What's the BACKUP command?

BACKUP itself has sensitivities to quotas, as well as means to throttle its activities. (There are days I'd like to throttle BACKUP myself, but that's another discussion.) Check for differences here. (I have the current BACKUP quota recommendations posted at the HoffmanLabs web site.)

With VMS BACKUP, disk cluster size, and application and system default extent size, and the results of multiple and incrementally-extended log files and such, all mixed together to produce disk fragmentation and I/O bottlenecks.

Have a look at the file size distribution on the disks you're comparing, and at the relative degrees of disk (and file) fragmentation.
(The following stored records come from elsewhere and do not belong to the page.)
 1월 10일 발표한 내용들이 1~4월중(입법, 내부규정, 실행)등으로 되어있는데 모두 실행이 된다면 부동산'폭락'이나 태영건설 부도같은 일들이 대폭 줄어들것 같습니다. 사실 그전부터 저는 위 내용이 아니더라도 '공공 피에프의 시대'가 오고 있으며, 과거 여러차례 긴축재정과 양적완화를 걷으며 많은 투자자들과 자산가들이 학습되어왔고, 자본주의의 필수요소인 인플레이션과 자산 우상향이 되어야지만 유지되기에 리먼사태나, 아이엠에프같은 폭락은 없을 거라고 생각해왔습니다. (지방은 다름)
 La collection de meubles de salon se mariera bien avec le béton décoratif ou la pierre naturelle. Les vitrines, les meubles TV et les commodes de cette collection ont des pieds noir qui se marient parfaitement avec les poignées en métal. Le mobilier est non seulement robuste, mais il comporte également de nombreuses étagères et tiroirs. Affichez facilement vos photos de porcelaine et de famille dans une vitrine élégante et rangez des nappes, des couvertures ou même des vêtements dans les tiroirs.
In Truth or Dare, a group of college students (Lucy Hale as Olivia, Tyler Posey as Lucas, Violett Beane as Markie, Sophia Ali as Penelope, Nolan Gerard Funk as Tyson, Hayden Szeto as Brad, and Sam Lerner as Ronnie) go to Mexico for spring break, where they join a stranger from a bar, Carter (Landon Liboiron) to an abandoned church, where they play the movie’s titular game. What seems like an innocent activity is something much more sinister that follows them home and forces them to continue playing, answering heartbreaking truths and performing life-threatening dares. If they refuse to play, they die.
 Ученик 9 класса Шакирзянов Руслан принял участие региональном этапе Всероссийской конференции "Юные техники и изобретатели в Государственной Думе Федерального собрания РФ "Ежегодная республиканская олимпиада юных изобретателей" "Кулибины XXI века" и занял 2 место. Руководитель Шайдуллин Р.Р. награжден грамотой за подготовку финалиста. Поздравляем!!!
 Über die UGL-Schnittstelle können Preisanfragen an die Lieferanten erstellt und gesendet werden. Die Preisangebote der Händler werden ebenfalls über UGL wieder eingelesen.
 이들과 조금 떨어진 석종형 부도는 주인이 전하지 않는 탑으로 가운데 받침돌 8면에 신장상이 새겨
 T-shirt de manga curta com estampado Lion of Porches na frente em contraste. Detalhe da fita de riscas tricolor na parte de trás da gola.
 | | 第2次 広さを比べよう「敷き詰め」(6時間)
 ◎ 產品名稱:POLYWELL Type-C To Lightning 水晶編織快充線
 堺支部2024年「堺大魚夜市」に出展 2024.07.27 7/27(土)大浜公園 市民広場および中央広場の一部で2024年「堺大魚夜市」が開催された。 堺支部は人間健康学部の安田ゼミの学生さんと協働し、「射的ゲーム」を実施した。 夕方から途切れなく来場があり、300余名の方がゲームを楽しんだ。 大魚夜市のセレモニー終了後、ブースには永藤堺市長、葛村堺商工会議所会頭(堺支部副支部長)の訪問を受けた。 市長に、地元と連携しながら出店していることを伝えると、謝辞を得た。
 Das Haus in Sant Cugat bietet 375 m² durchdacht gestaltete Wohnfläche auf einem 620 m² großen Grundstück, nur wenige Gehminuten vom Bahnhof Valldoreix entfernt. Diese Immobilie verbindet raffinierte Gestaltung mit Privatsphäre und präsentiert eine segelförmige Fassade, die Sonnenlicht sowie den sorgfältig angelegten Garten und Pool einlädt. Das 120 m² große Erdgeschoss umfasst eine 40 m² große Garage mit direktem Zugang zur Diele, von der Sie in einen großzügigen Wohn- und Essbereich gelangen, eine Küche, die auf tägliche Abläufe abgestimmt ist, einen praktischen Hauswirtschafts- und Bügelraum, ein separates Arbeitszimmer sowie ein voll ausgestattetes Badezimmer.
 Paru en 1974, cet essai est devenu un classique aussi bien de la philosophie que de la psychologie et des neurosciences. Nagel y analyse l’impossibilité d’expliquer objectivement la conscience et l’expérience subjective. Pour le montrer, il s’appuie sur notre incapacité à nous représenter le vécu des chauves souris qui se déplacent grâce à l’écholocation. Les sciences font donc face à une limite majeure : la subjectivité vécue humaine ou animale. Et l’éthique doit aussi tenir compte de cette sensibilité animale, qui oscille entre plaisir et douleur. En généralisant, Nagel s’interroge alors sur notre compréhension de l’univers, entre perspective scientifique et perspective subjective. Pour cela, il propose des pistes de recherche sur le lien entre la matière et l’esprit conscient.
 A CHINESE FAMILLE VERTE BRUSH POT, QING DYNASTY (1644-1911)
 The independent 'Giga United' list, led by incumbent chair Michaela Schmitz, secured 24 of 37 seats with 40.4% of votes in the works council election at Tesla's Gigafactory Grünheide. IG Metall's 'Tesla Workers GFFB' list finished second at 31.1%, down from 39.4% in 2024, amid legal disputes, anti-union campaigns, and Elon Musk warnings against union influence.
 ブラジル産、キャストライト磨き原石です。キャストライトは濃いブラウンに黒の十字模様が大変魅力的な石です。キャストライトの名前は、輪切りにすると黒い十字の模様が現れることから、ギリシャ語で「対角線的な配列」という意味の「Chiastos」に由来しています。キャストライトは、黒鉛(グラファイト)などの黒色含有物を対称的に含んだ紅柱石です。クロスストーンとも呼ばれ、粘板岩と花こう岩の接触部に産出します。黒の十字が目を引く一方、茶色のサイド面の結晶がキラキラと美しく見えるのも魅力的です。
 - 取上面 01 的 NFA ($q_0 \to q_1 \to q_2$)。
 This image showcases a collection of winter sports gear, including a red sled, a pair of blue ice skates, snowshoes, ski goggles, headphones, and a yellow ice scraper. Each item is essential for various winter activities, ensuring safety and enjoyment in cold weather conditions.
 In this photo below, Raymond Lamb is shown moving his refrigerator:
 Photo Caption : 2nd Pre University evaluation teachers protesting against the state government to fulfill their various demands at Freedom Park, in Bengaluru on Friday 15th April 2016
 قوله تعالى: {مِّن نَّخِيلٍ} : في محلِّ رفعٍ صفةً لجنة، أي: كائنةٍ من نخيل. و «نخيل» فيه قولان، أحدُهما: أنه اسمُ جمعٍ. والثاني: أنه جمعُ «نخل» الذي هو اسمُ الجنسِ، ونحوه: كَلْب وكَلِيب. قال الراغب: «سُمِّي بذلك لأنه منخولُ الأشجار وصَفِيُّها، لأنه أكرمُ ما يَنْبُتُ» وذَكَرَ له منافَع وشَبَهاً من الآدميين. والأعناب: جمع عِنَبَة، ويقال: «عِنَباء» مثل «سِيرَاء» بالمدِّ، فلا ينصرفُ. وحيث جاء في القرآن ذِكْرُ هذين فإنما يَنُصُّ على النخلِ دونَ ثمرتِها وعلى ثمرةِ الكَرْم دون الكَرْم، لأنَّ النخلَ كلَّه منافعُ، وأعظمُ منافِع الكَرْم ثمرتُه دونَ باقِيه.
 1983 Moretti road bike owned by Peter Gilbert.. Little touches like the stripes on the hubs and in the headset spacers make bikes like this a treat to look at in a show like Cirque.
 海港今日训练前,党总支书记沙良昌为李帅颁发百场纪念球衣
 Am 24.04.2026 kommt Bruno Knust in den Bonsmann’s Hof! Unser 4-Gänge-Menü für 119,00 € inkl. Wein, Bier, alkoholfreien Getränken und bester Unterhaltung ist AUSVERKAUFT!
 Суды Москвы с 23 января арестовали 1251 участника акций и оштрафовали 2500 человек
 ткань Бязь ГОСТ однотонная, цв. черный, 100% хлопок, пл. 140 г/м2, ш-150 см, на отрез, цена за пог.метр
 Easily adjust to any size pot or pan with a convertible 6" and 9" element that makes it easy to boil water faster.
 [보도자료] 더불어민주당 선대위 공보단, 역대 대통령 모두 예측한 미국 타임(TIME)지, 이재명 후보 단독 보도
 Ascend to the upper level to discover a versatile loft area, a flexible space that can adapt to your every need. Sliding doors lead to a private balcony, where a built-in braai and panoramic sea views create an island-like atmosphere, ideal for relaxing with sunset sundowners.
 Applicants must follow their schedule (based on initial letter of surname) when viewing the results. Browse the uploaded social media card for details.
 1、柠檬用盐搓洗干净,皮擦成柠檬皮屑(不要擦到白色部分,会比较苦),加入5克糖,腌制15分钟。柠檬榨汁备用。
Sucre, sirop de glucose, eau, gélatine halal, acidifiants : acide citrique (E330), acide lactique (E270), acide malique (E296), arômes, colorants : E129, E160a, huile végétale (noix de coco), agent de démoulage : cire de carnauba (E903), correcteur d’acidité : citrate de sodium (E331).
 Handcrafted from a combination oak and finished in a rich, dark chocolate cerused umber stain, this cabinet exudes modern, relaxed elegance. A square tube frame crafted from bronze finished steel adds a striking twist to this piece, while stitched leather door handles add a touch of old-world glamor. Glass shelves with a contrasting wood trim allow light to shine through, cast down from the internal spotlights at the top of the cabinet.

The Freeware DFU tool can get you some of that, as can the DFO tool's analyzer features, as cam various other tools.

VMS boxes used as application development boxes can contain frequently-revised and often tending toward small files and incrementally-extended log files and parallel users all churning away on shared storage, and the ensuing fragmentation.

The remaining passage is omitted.